В следующей Закладке будем говорить о Тэффи - специфически о её Воспоминаниях, но и о рассказах не поговорить нельзя будет. Тэффи - один из авторов, растворенных в нашей крови, потому хочется вспоминать незабвенное:
Судьба любит кротких и всегда награждает их по миновании надобности.
А чтобы лучше поверили и вообще отнеслись с уважением — положила сверху портрет Ленина с надписью: «Душеньке Феничке в знак приятнейших воспоминаний. Любящий Вова».
Впоследствии оказалось, что и это не помогло.
Едва успели мы занести это в свою книжку, как уже наталкиваемся на еврейскую группу. – Ну что, вы все еще против погромов? – Безусловно, против, – отвечает, улыбаясь, группа и проходит дальше.
Кавалеру, провожающему ее с бала и ведущему томную беседу об эстетической эротике с точки зрения эротического эстета, она вдруг говорит, вздрагивая всеми перьями на шляпе:
— Едем в церковь, дорогой мой, едем в церковь, скорее, скорее, скорее. Я хочу молиться и рыдать, пока еще не взошла заря.
Может быть вам даже нравится, что у них сметаны нет? Не стесняйтесь, пожалуйста, говорите прямо. Нравится? Вы готовы преклоняться? Вы рады топтать Россию.
— Беги ко мне, Дэвид! Я твоя на всю жизнь, и ничто не разлучит нас, потому что меня тошнит от лососины Уайта!
5 февраля. Сегодня вечером я раздевалась перед зеркалом. Мое золотистое тело было так прекрасно, что я не выдержала, подошла к зеркалу, благоговейно поцеловала свое изображение прямо в затылок, где так шаловливо вьются пушистые локоны.
Придумай такую штучку какой-нибудь беллетрист, ему бы солоно пришлось. Написали бы о нем, что приемы его остроумия весьма грубы и примитивны, рассчитаны на самый низкий вкус и обличают в авторе старшего дворника. А раз эта блестящая выдумка принадлежит самой жизни, все относятся к ней с какой-то трусливой почтительностью.
Мы будем и слышать, и видеть того, кого нет с нами, и останется для нас только одна тоска — тоска о касании.
— Ты здесь?
— Здесь! — говорит знакомый голос и улыбается знакомое лицо.
— Дай мне твою руку!
— Нет, милый друг, это — единственное, чего, пожалуй, никогда не будет.

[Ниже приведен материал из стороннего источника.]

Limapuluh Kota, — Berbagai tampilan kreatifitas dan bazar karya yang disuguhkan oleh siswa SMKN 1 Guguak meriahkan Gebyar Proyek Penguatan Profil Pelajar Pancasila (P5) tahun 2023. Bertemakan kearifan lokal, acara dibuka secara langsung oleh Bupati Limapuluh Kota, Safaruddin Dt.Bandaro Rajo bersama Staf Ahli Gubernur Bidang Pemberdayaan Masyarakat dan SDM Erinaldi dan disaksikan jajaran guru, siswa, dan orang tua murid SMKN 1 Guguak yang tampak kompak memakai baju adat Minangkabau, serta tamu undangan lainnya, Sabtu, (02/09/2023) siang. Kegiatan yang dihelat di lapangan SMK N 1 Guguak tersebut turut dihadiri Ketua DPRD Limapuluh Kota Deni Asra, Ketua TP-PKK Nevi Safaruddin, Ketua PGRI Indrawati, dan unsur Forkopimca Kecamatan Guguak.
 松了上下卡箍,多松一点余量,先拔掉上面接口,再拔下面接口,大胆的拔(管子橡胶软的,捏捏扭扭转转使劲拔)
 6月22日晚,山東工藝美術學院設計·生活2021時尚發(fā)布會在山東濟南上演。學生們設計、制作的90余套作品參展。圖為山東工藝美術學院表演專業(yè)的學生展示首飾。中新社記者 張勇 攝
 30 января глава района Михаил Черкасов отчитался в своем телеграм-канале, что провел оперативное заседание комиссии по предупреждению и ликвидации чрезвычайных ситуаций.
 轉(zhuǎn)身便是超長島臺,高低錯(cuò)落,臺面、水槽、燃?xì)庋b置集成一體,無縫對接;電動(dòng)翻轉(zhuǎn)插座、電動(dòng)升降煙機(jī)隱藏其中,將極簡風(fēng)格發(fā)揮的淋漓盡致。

«…а ночью, когда мгновенный сон смежит мои усталые очи, я вижу только тебя, и громкие рыдания потрясают мой организм»
Супруги Шариковы поссорились из-за актрисы Крутомирской, которая была так глупа, что даже не умела отличать женского голоса от мужского, и однажды, позвонив к Шарикову по телефону, закричала прямо в ухо подошедшей на звонок супруге его:
– Дорогой Гамлет! Ваши ласки горят в моем организме бесконечным числом огней!
– А я в прошлом году спросила у дантиста, долго ли его пломба продержится, – заволновалась барышня, – а он говорит: «Лет пять, да нам ведь и не нужно, чтобы зубы нас переживали». Я говорю: «Неужели же я через пять лет умру?» Удивилась ужасно. А он надулся: «Этот вопрос не имеет прямого отношения к моей специальности».
— А слышали последние новости? Говорят, Бахмач взят!
— Кем?
— Неизвестно!
— А у кого?
— Тоже неизвестно. Ужас!
— Да откуда же вы это узнали?
— Из радио. Нас обслуживают три радио: советское «Соврадио», украинское «Украдио» и наше собственное первое европейское — «Переврадио».
Первая семья, в которой он жил, состояла из жены, с которой он не жил, и дочки Линочки, девицы молодой, но многообещающей и уже раза два свои обещания сдерживавшей, – но это к нашему рассказу не относится.
— Простите, господа, но мы не должны забывать, что вечер должен носить идейный характер, что он устраивается в пользу нуждающихся.
— Ну, знаете ли, благотворительные вечера никогда в пользу богатых и не устраиваются, и это не мешает им быть веселыми.
— Н-не знаю-с. Лично для себя считаю неудобным веселиться, когда люди страдают.
— Тогда надо было устраивать не бал с концертом, а уж не знаю что. Сечь их всех, что ли.
Да не надо мне ваших денег, я с русских не беру, а с болванов в особенности. И не пойте на морозе! Эй! Вы там! Не свалитесь с лестницы! Куда вы лупите-то! Я ведь вас не бью!